Exercise: The material below holds pictures; leave them out and reproduce exactly the lines from the one with "潮宏基宠物联萌足金手链黄金手绳转运串珠5D硬金猫猫腊肠狗礼物女" through the one with "أحداث اليوم - أعلنت", inclusive.

Given data:
──────

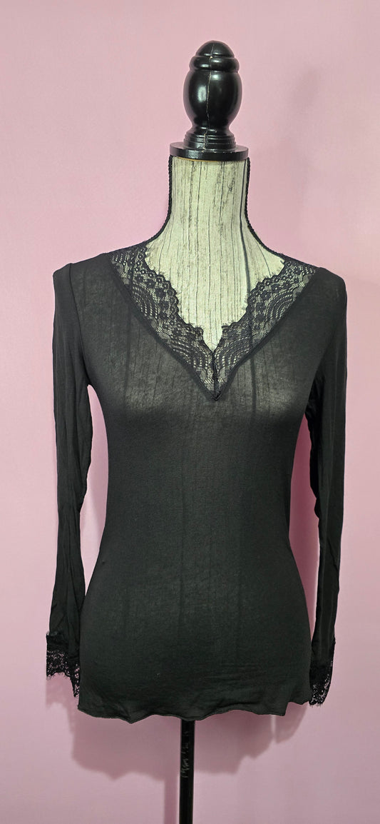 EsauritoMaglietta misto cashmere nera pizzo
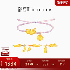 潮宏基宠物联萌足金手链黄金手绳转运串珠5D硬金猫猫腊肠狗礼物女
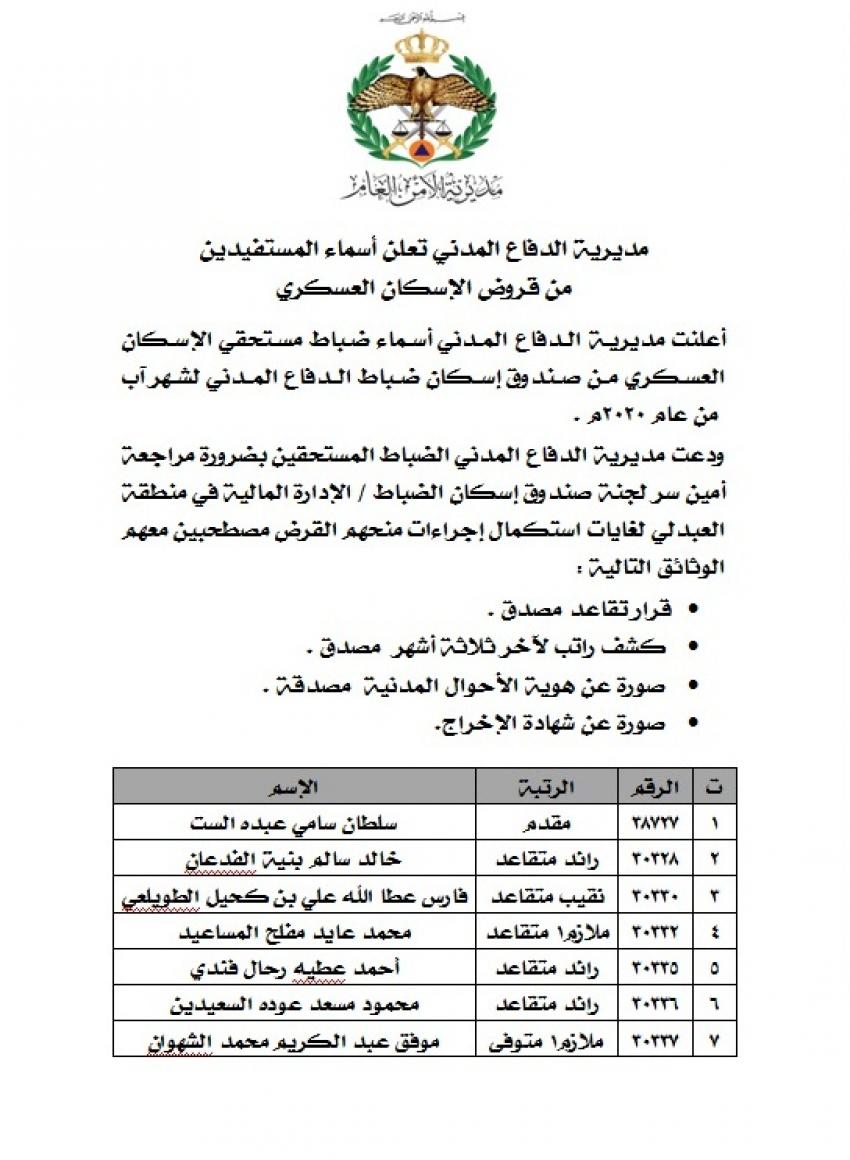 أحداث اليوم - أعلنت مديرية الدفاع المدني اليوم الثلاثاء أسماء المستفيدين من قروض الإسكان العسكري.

──────

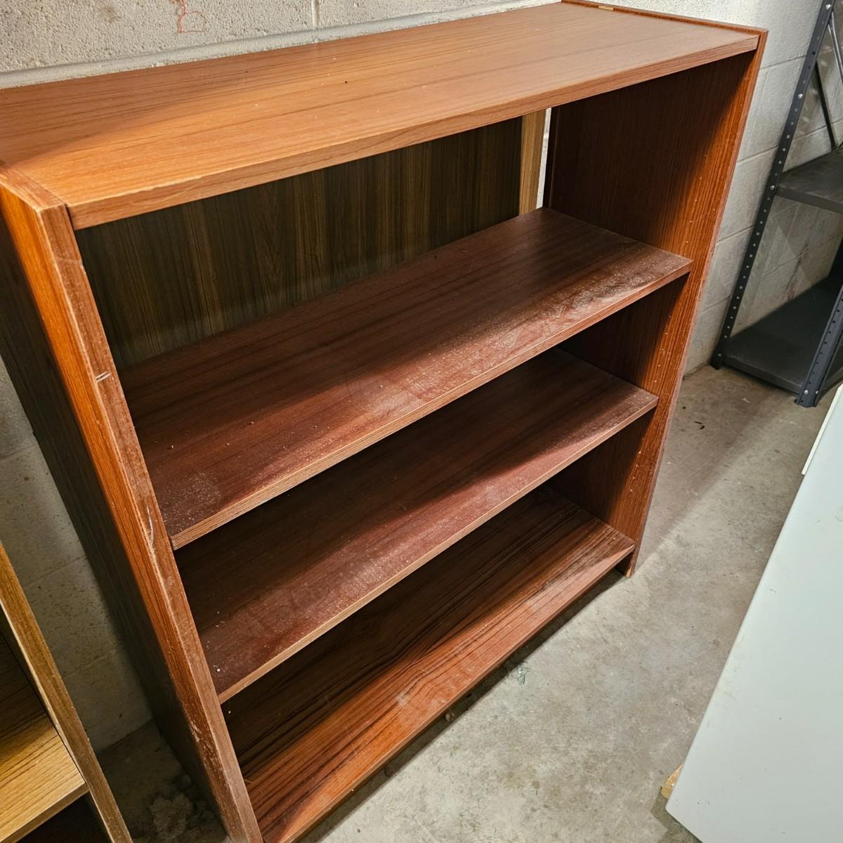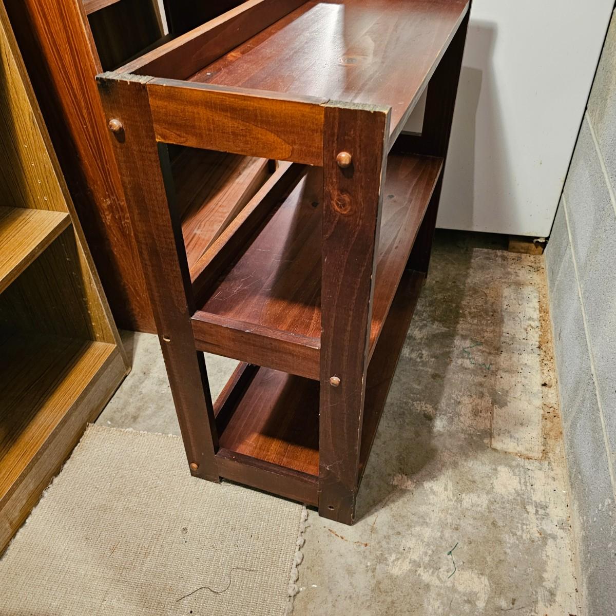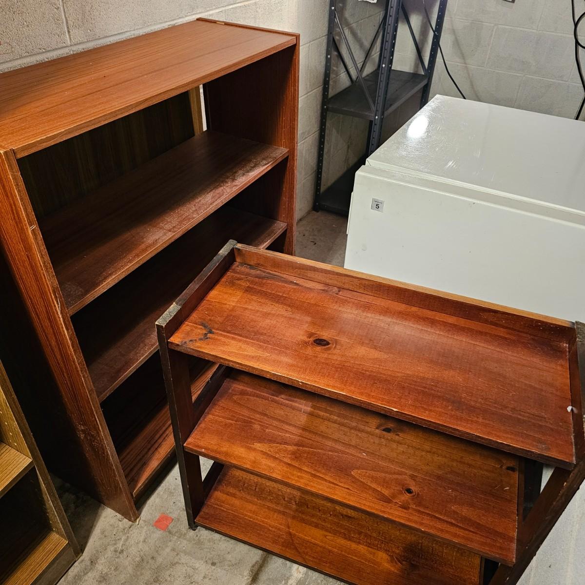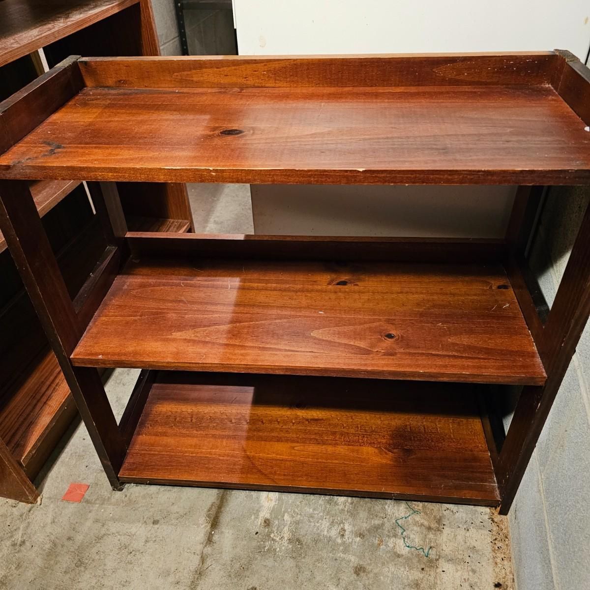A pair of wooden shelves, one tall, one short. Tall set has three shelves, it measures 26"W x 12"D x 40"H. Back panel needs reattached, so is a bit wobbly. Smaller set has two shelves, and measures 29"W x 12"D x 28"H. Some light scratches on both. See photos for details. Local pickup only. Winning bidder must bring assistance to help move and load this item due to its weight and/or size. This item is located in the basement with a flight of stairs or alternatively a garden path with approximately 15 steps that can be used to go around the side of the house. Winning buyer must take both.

──────

Response area:
 潮宏基宠物联萌足金手链黄金手绳转运串珠5D硬金猫猫腊肠狗礼物女
 أحداث اليوم - أعلنت مديرية الدفاع المدني اليوم الثلاثاء أسماء المستفيدين من قروض الإسكان العسكري.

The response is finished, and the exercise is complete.